StorNext FSS 'Volume1': PANIC: /usr/cvfs/bin/fsm "OpHangLimitSecs exceeded
The value is a bit of a misnomer, because its actually measured in half-second “ticks.” SO the default value is 180 ticks, or 90 seconds.
So if you’re seeing this error, what should you look for? It is always something to do with metadata. First, double check that hardware is solid. Check all the connections to the metadata storage and look for errors in the fabric. I’ve seen fibrechannel SFPs that were going bad cause the metadata LUNs to drop from the controllers, causing an ophanglimit. SFPs kinked fiber, bad port settings are all things to check for.
Then move on to the software. More often than not, I see scripts causing OpHangLimitSec panics. Imagine a script that takes 8 minutes to execute, but runs every 3 minutes. You end up getting multiple instances of this script piling up and waiting for the same operation to complete. If any one of those instances waits more than the specified time, boom you have a failover.
So check metadata paths, check recurrent operations, check metadata networks. This is always a metadata problem.

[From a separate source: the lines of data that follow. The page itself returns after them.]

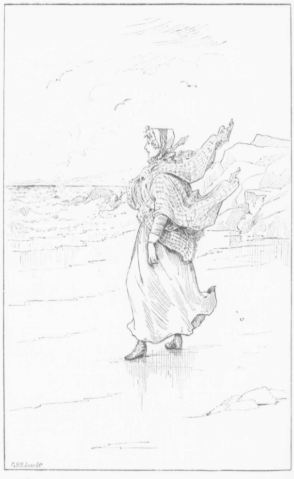
" She wrapped herself up, and went down to the sands. The waves were coming grandly in." [Page 39t.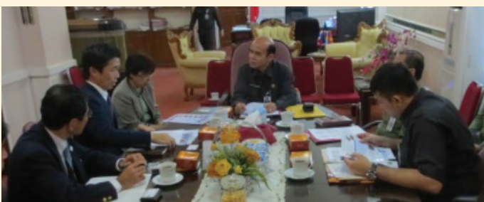
Opinion-exchange session held at Indonesia's Ministry of Home Affairs

Going forward, CLAIR Singapore hopes to continue enhancing our cooperative ties with Indonesia's Ministry of Home Affairs and looks forward to carrying out further collaborations that will be beneficial and valuable to both sides.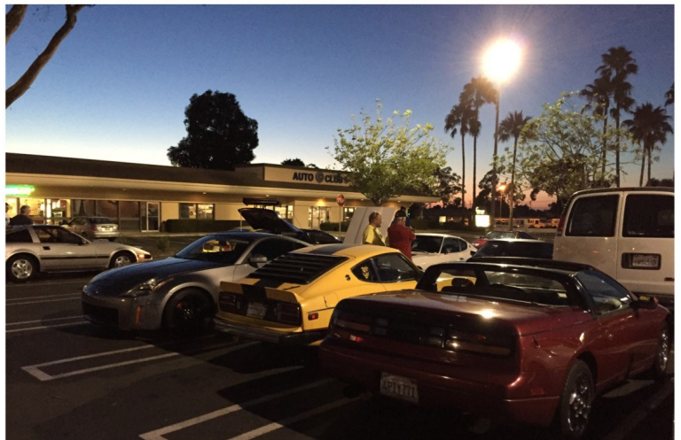
Nice display of Z cars at the General meeting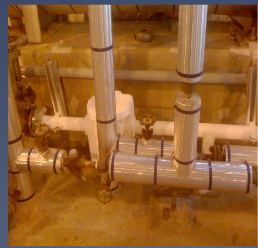
Steam Lines, Everywhere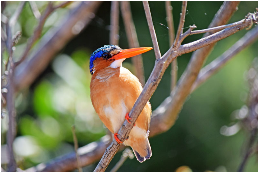
It rained heavily that night and this is the misty sunset, warning of the wet day to come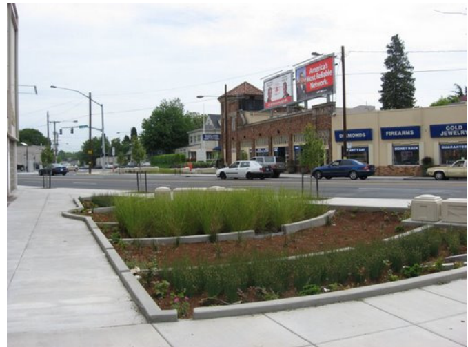
Figure 2. This bioretention area takes runoff from the street through a trench drain in the sidewalk as well as runoff from the sidewalk through curb cuts

A few municipal DOT programs have instituted green street requirements in roadway projects, but as of yet, specifications for street bioretention have not yet been incorporated into municipal DOT specifications. Many cities do have street bioretention pilot projects; two of the well documented programs are noted in the table. Several concerns and considerations have prevented standard implementation of bioretention by DOTs.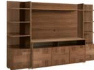
WALL UNIT COMPOSITION 1 PJME0700NC With TV base, back panel, shelf, 2 library bookcases inch W 109" D 19" H 73" cm L 277,8 P 48,9 H 184,2 Crts 5 kg 213 m 3 1,7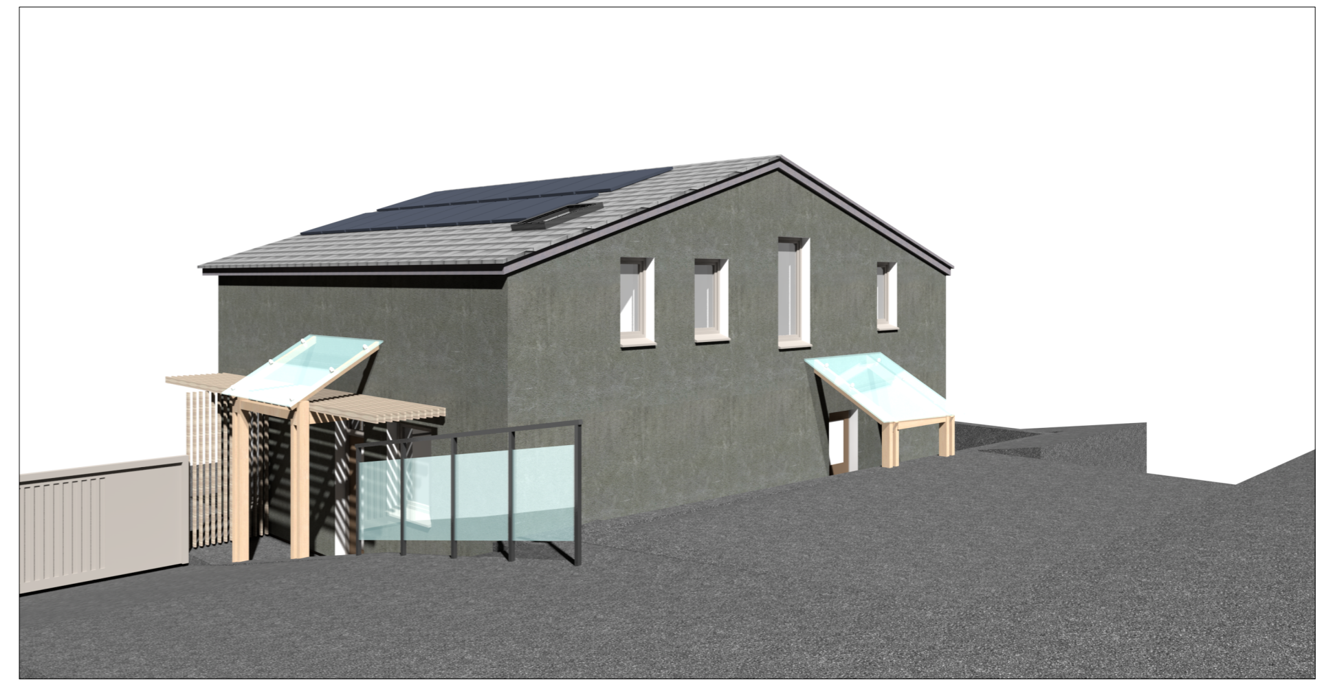
SKETCH VIEW FROM SOUTHEAST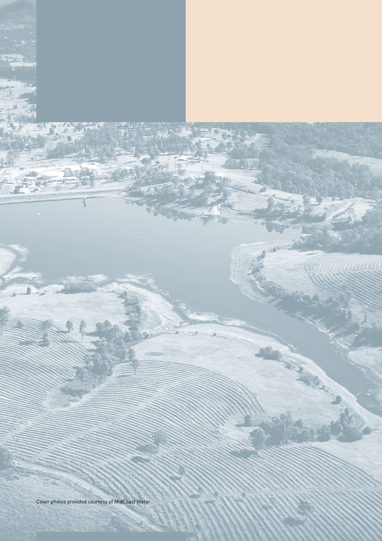
Cover photos provided courtesy of MidCoast Water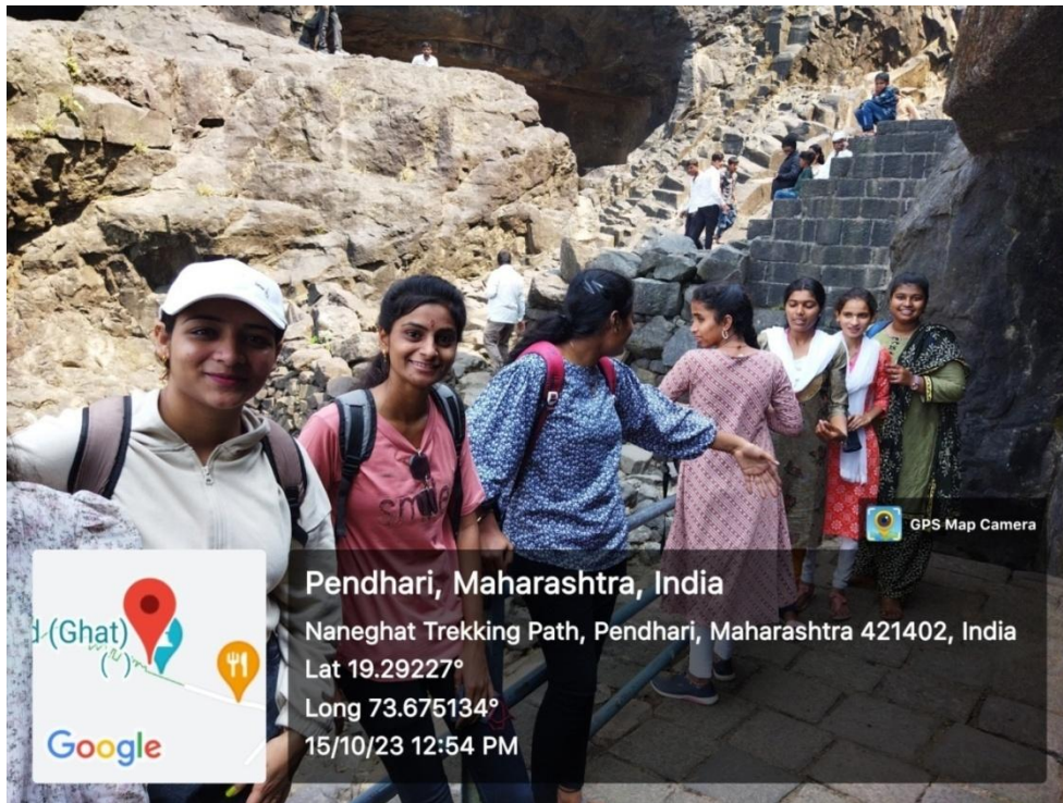
Students at outside of Naneghat Cave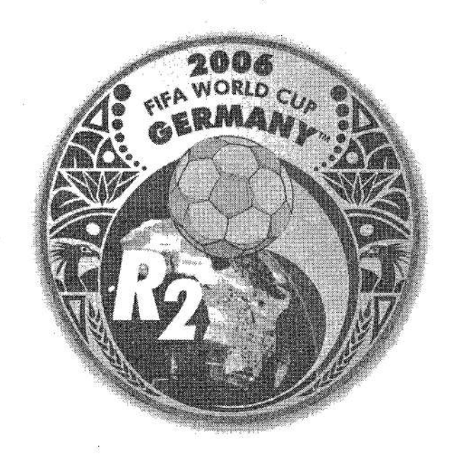
Reverse - R2 Crown Silver Coin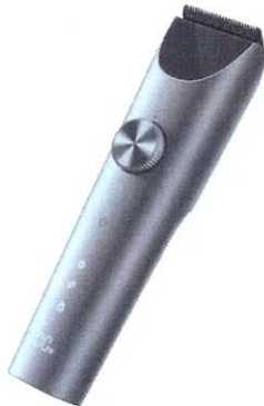
Imagen en color del producto: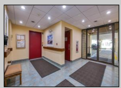
4540 Brigantine Brigantine, NJ 08203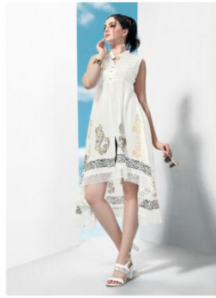
D.NO : 1007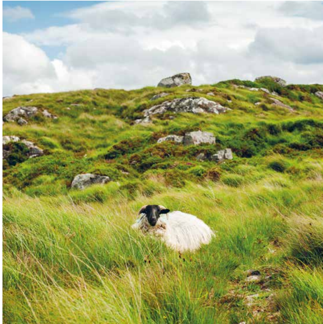
A black-faced mountain sheep at Derrigimlagh Bog, County Galway.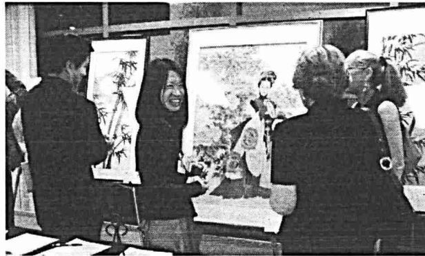
Participants viewing Sun Ying's "Peony and Empress," the highest selling piece of the silent art auction.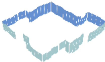
Image 2: Sound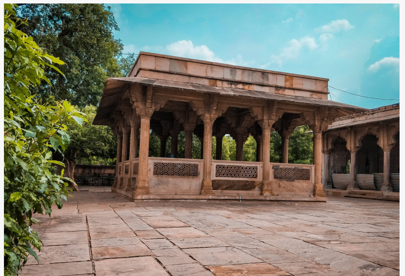
Resting place of the musical legend - Tomb of Tansen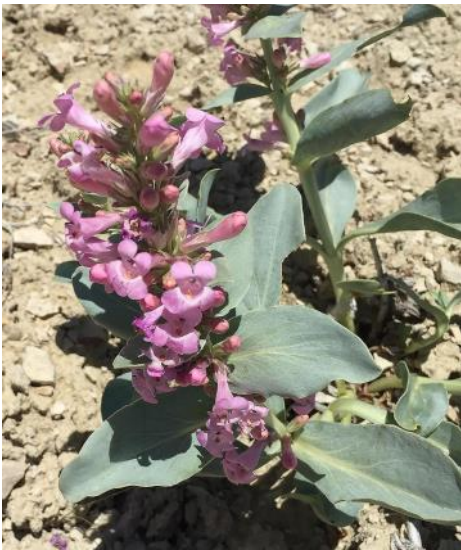
Penstemon flowersii , Flowers penstemon. Pre-conference photo by William Gray.

If you run a heterogeneous shared storage environment (such as a stornext system), you may find this information about ACLs useful.
*NIX systems use POSIX 1e standard ACLs. Windows, Mac, and [some] others use NFSv4 standard ACLs. In a Stornext SAN environment, MacOS and Windows are not able to use the POSIX 1e ACLs that the Linux host writes on the files and directories. Likewise, Linux is unable to see the NFSv4 ACLs that a Windows machine or a Mac writes. This can create some major problems if ACLs are essential to your workflow.
Linux writes POSIX.1e ACLs.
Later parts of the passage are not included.